South Dakota Sen. John Thune, the No. 2 Senate Republican, said he was confident Republicans would ensure such a peaceful transition if necessary.
“Republicans believe in the rule of law, we believe in the Constitution, and that’s what dictates what happens (in) … our election process and so yes.”
Trump is challenging democracy on multiple fronts
One weakness of the White House approach is that in order for it to fuel credible legal challenges, there will need to be genuine evidence of fraud in mail-in voting. Therefore, Trump’s lawyers will likely seize upon even the smallest example of irregularities to bolster his case that an election in which he has trailed Biden in the polls for months, is fundamentally corrupt.
On Thursday, for instance, the Justice Department said it was investigating alleged problems with mail-in voting in Pennsylvania. In a highly unusual move, it said nine military ballots were found and that seven “were cast for presidential candidate Donald Trump.” The statement immediately sparked suspicions that the department was seeking to highlight evidence of an isolated incident to provide political ammunition for the President.
Indeed, Trump seized on the incident, saying the ballots were found in a wastepaper basket.
“They throw them out if they have the name ‘Trump’ on it, I guess,” Trump said.
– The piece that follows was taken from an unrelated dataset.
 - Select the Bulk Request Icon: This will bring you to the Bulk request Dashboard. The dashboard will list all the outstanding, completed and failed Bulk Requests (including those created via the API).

In the 2016 election, Pennsylvania cast 6 million votes, meaning that the nine ballots concerned here make up a tiny proportion of the total vote on which to base a case that the election is unfair. The US attorney said in a letter to county election officials that it appeared confusion was the cause of the prematurely opened ballots — the envelopes appeared similar to the ballot application envelopes — and did not allege any political motivation.
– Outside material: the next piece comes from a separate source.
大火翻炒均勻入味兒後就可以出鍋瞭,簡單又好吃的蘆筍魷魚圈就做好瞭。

Speaking generally, Benjamin Ginsberg, a veteran Republican election lawyer, said on CNN’s “Cuomo Prime Time” that there was no significant evidence of mass voter fraud in US elections.
“There is a body of evidence, but it’s a really small body of evidence that has been collected on fraudulent ballots over the years. And it is far too thin, just isolated cases of fraud, to make the allegation, the assertion that our elections are fraudulent or rigged.”
‘Questioning the legitimacy’ of the election
Trump’s strategy is multi-pronged. Besides helping him build a case that the election was rigged should he lose, his attacks on mail-in voting may also be an attempt to suppress voting by convincing people that the mail-in option is not secure.
“It’s clearly making people concerned about voting by mail, first of all the issue of ‘will it be counted,'” Trevor Potter, the former chairman of the Federal Election Commission, told CNN Thursday.
“(It’s) questioning the legitimacy … that’s really a PR gambit because legally a vote cast on an absentee ballot by mail is just as legitimate as one cast in person and both have the same security safeguards,” the Republican lawyer said.
The job of securing the vote, and of responding to an expected burst of legal challenges by the Trump campaign, will fall to secretaries of state who will be under fierce pressure in closely fought swing states.
Michigan’s Democratic Secretary of State Jocelyn Benson said that results in the critical battleground may not be available until the Friday after Election Day, which is on Tuesday, November 3.
“This is the way democracy works: no winner is declared until every ballot is counted,” Benson told CNN’s Brianna Keilar.
“At the same time, we recognize that from the minute the polls close to the minute we do have that final tabulation, there will be efforts to try to sow seeds of doubt among our electorate and others about the sanctity of our vote,” she said.
“So we are going to respond to that as we always do with facts, data, truth and transparency.”